E, Sofia, sono fiero di te. Lo sono sempre stato, anche quando ero troppo orgoglioso per dirtelo.
T.»

Tornai di corsa al quinto piano, quasi inciampando sulle scale.

Nel cassetto indicato trovai una chiave attaccata con un pezzo di nastro.

Il cassetto era pieno di cartelle in pelle, diciassette, ognuna con un anno scritto sopra.

Le aprii.

Dentro non c’erano i progetti perfetti che avevo visto sulle riviste, ma schizzi di lavoro, tentativi, idee sbagliate, correzioni, appunti:

«Funziona male al sole estivo»
«Troppo costoso, ripensare la facciata»
«La soluzione C è pessima, ma mi porterà alla D»

Alla fine dell’ultima cartella c’era un altro foglio per me.

«Questi sono i miei fallimenti.

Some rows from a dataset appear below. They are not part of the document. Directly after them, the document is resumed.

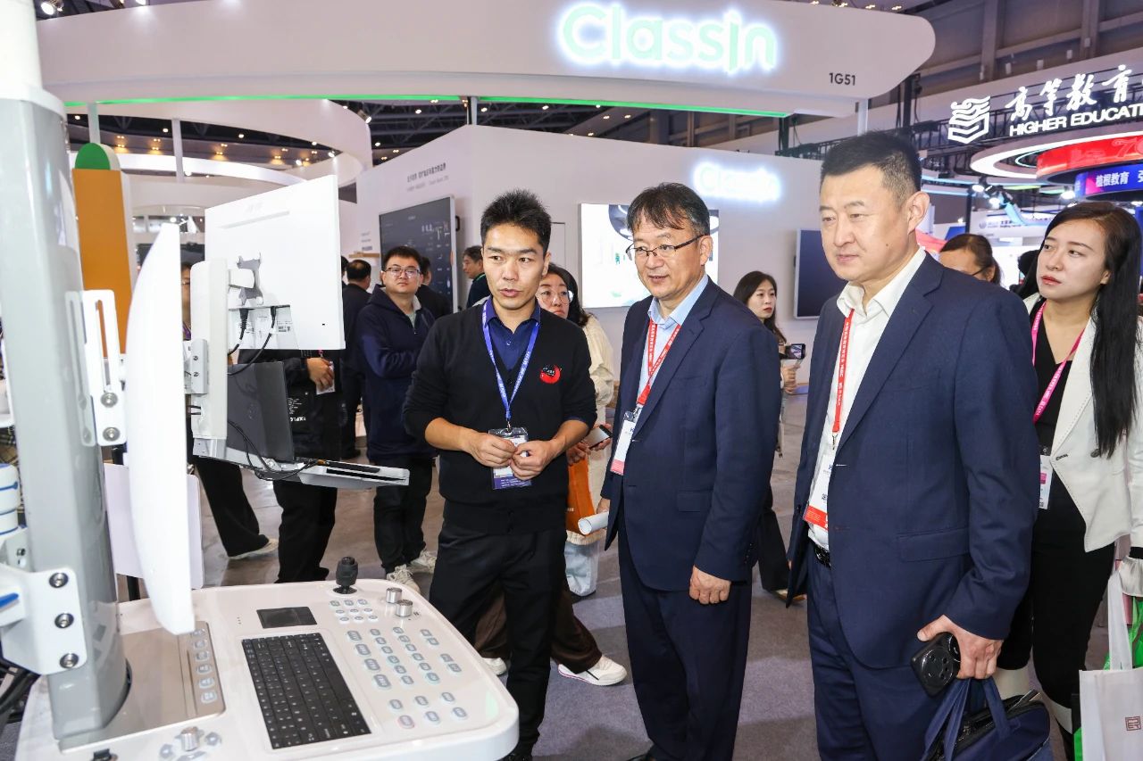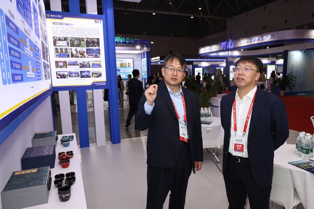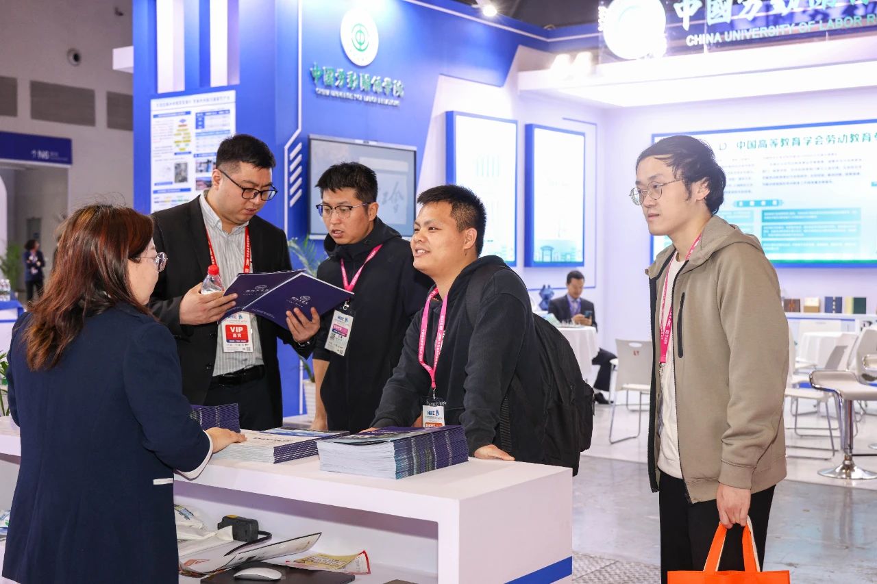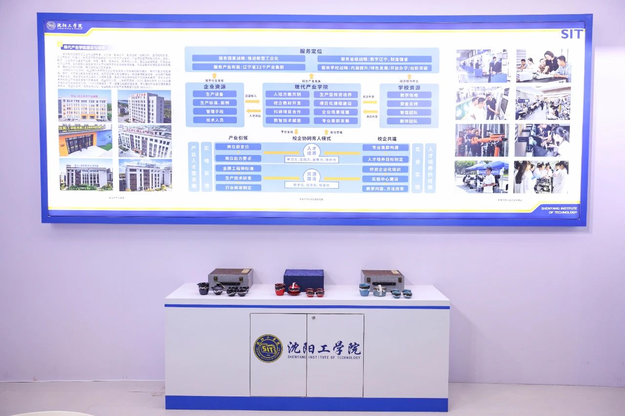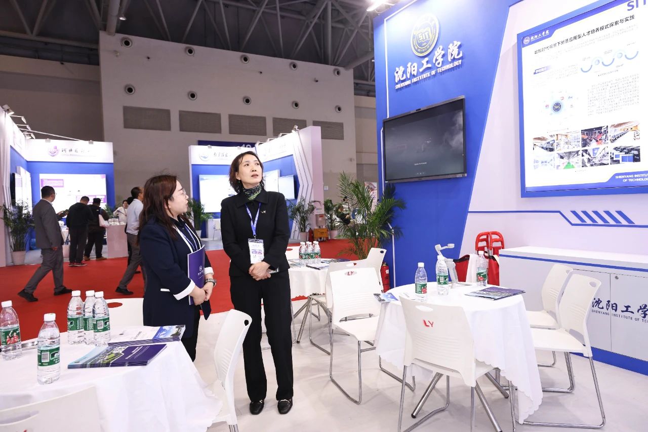 在高校展示专区,我校以“数智时代背景下新质应用型人才培养模式探索与实践”为主题,全面展示学校校企合作模式、现代产业学院建设与成效、语言赋能人才培养等方面的特色和成果,以及校企双向赋能积极促进产教深度融合,赋能新质生产力,共建符合行业标准的数智化现代产业学院,拓宽学生国际化视野,提升人才培养质量等方面的经验做法,并集中展示了学校建设的一批高水平实验室和实践教学中心,受到广泛关注。中国高等教育学会副会长、国家民委原副部长级专职委员管培俊,教育部高教司原司长张大良,中国高等教育学会秘书处副秘书长吴英策、行政顾问张文忠,辽宁省教育厅党组成员、副厅长孔峰到学校展位指导工作。兄弟院校的领导、老师、企业人员及会场观众到展位参观交流,并表示出浓厚兴趣。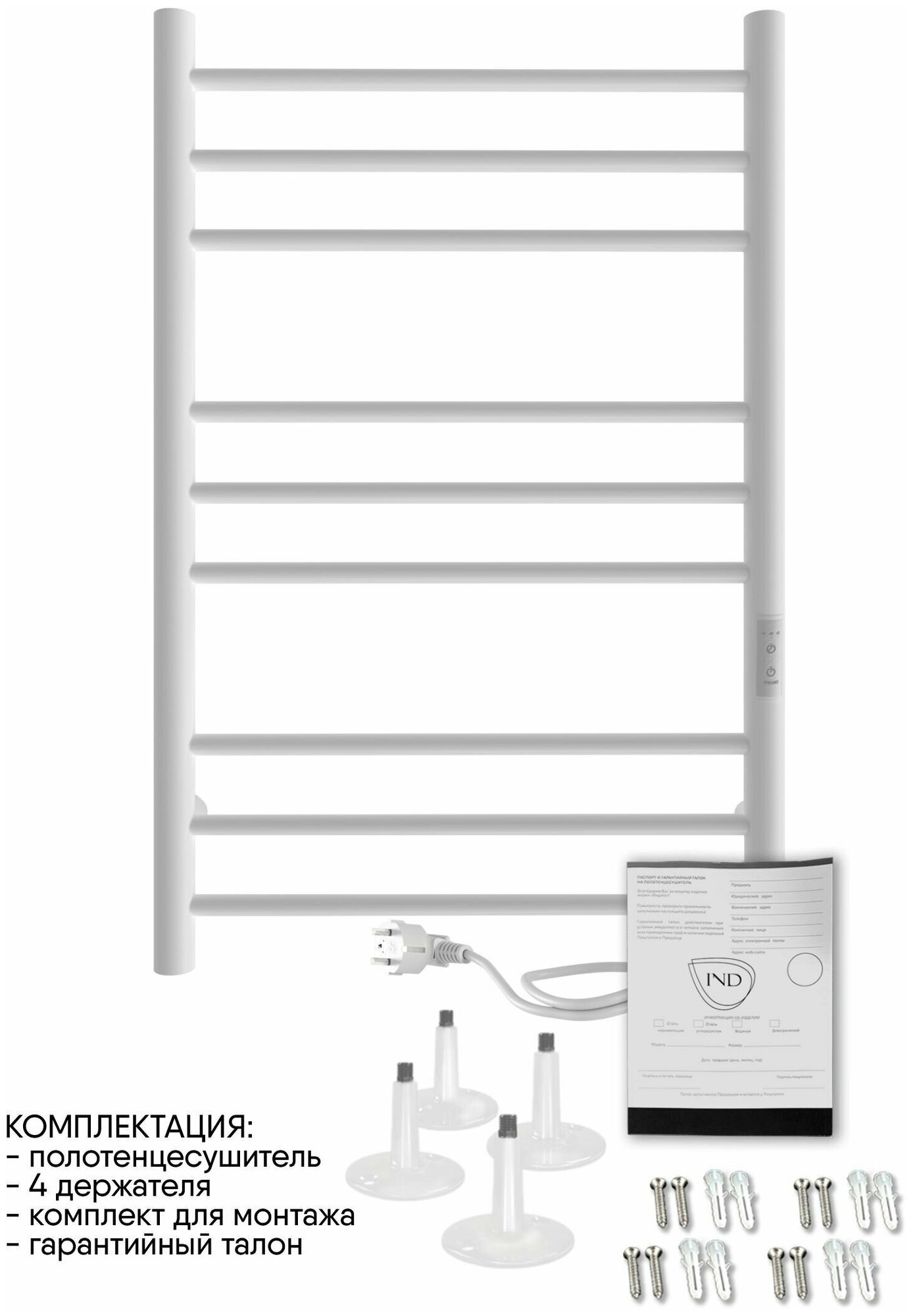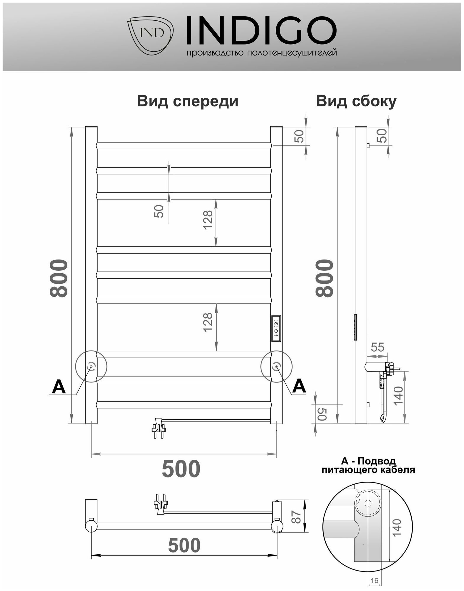 Полотенцесушитель электрический IND (INDIGO) Line Trinity 80/50 Белый матовый (таймер, скрытый монтаж, универсальное подключение: левый/правый)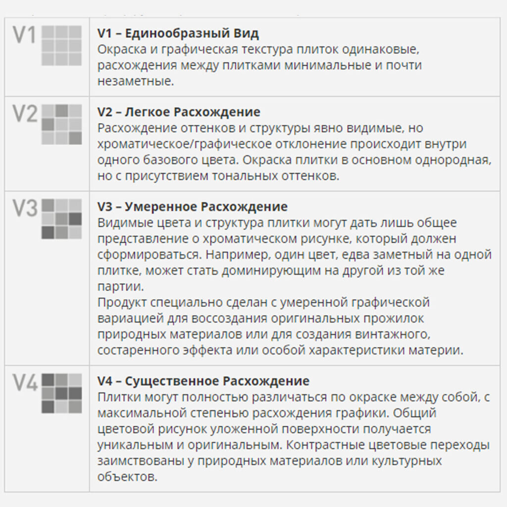С развитием технологий декорирования плитки мы получили возможность создавать керамогранит с максимально реалистичными текстурами, которые очень детально передают все нюансы, присущие мрамору, дереву, камню, бетону и другим природным материалам. В нашей статье мы расскажем коэффициенте неоднородности рисунка или стонализации, который называется VSHADE. Коэффициент VSHADE показывает, насколько плитка однородна по графике и в этом заключается ключевое отличие от тона. Тон показывает степень насыщенности цветом. А VSHADE показывает, насколько рисунок неоднородный, насколько каждая плитка харизматична и обладает своей графикой и своим шармом, то есть насколько каждая плитка будет похожа или не похожа на другую. Существует 4 вида стонализации: Каждое значение стонализации для каждого продукта указывается в генеральном каталоге и на официальном сайте Italon. Открыв страничку с требуемой коллекцией, вы увидите значок – латинскую букву «V», и цифру от 1 до 4, которые обозначают, насколько этот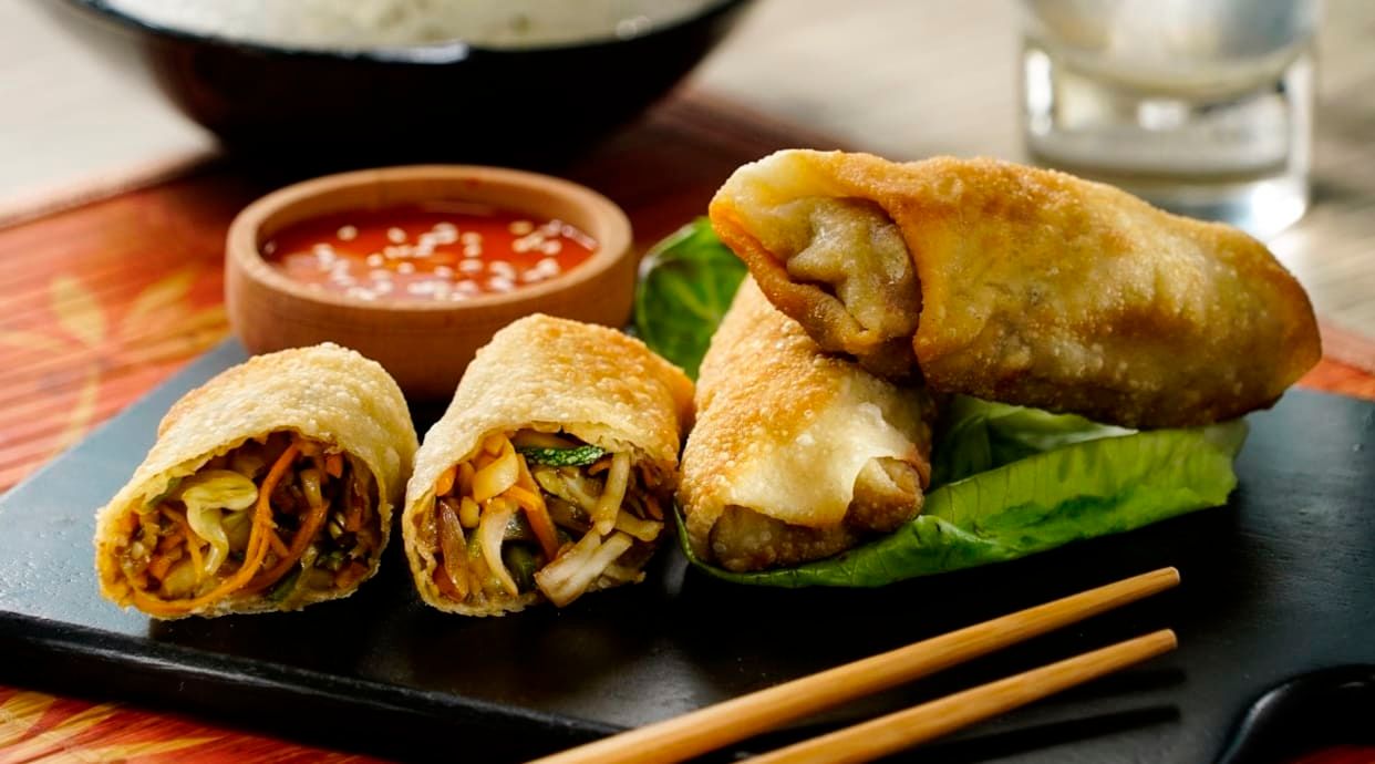 Raviolis chinos: empanadilla frita rellena de centro de lomo, setas y verduras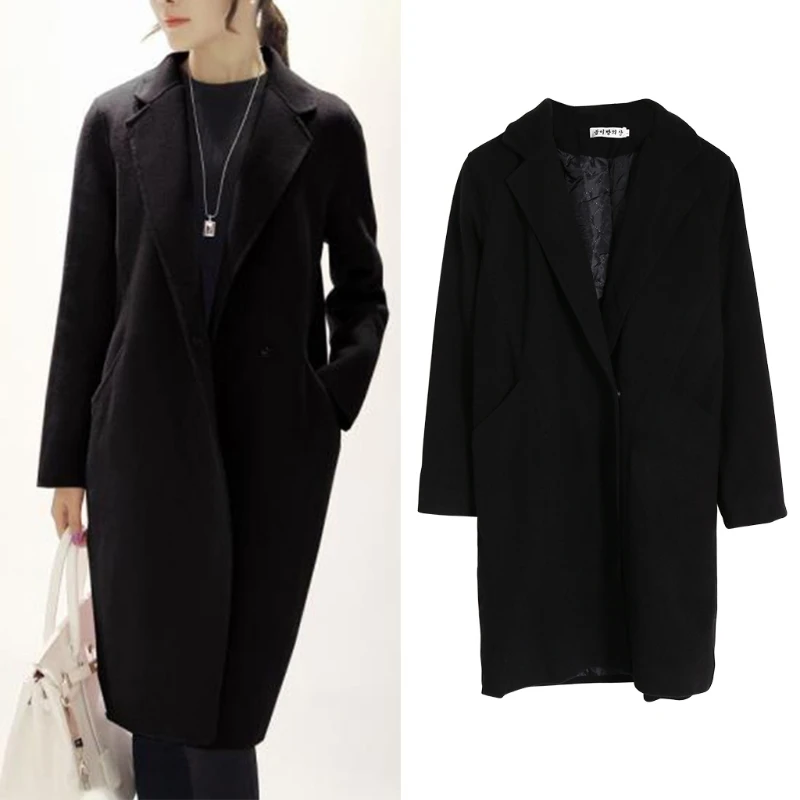 F62D женское длинное шерстяное пальто на одной пуговице, теплый плащ для куртки, зимнее пальто с лацканами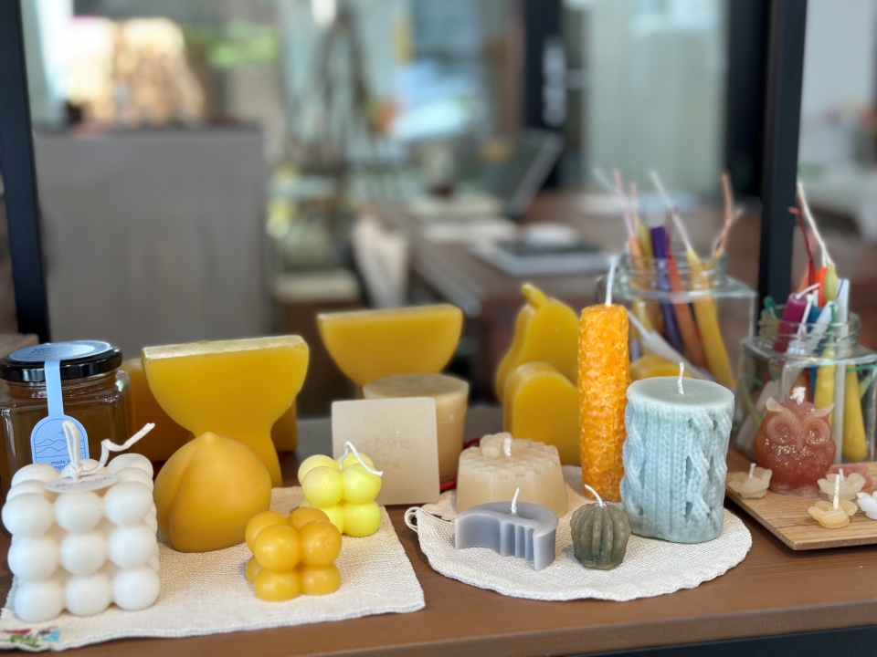 꿀벌이 생산하는 밀랍으로 밀랍초를 만들어 볼 수 있습니다. 밀랍초를 태우면 향긋한 꿀 내음 을 즐길 수 있으며 새집 증후군과 공기 정화에도 도움을 줍니다.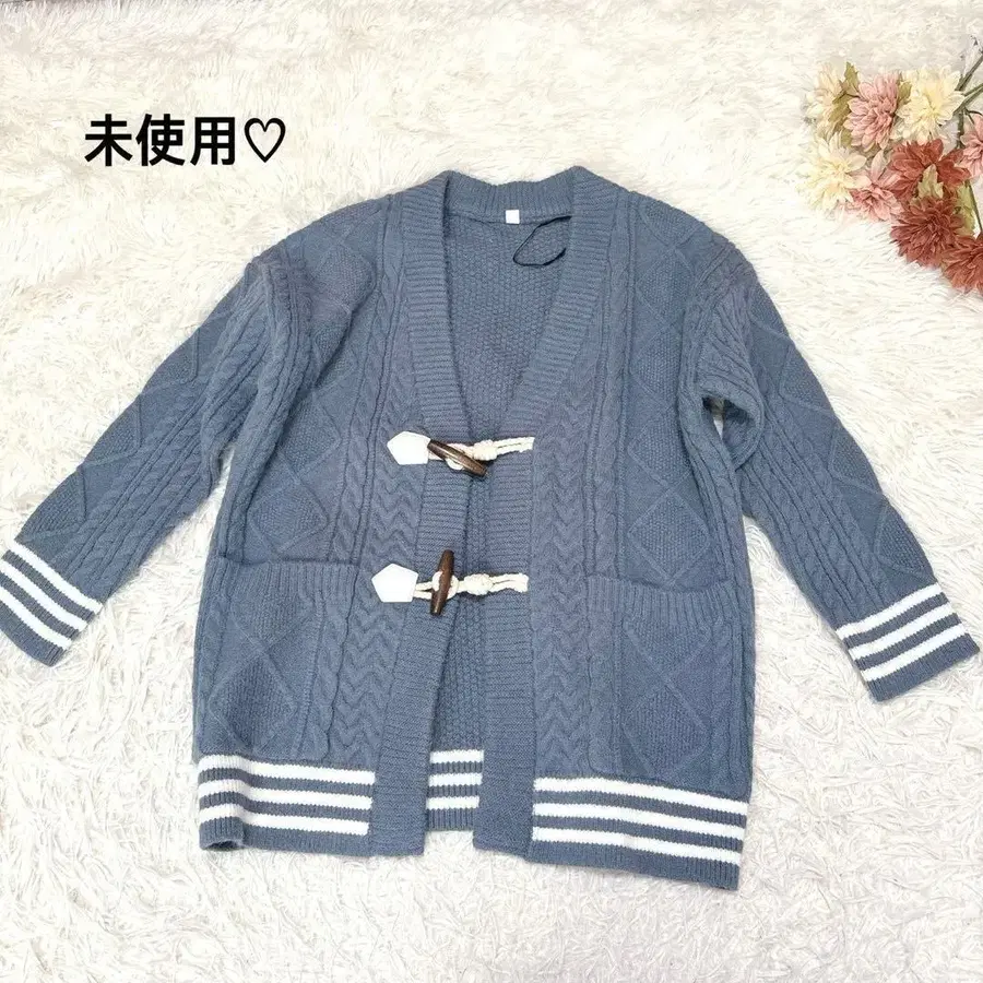 s.2079 니트 가디건 긴 길이 토글 버튼 크로 셰 뜨개질 블루 계열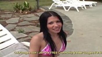 In a phoney job interview, a cute and athletic Colombian woman stretches her ass.

I tentativi mal riusciti. Le idee terribili che sono diventate buone.
Te li lascio perché i giovani architetti devono vedere che anche una “leggenda” ha fatto errori.
Usali per insegnare, ispirare, ricordarti che il genio non nasce finito.
Si costruisce, uno schizzo imperfetto alla volta.
Proprio come stai ricostruendo te stessa ora.
Con affetto, T.»

Piangevo tanto da non vedere più le linee.

Ma nella testa cominciava a formarsi un’idea.


La mattina dopo, Jacopo mi trovò allo studio circondata da fogli e appunti.

«Che stai combinando?» chiese incuriosito.

«Un programma di mentorship» risposi. «Vorrei chiamarlo Borsa Bellini.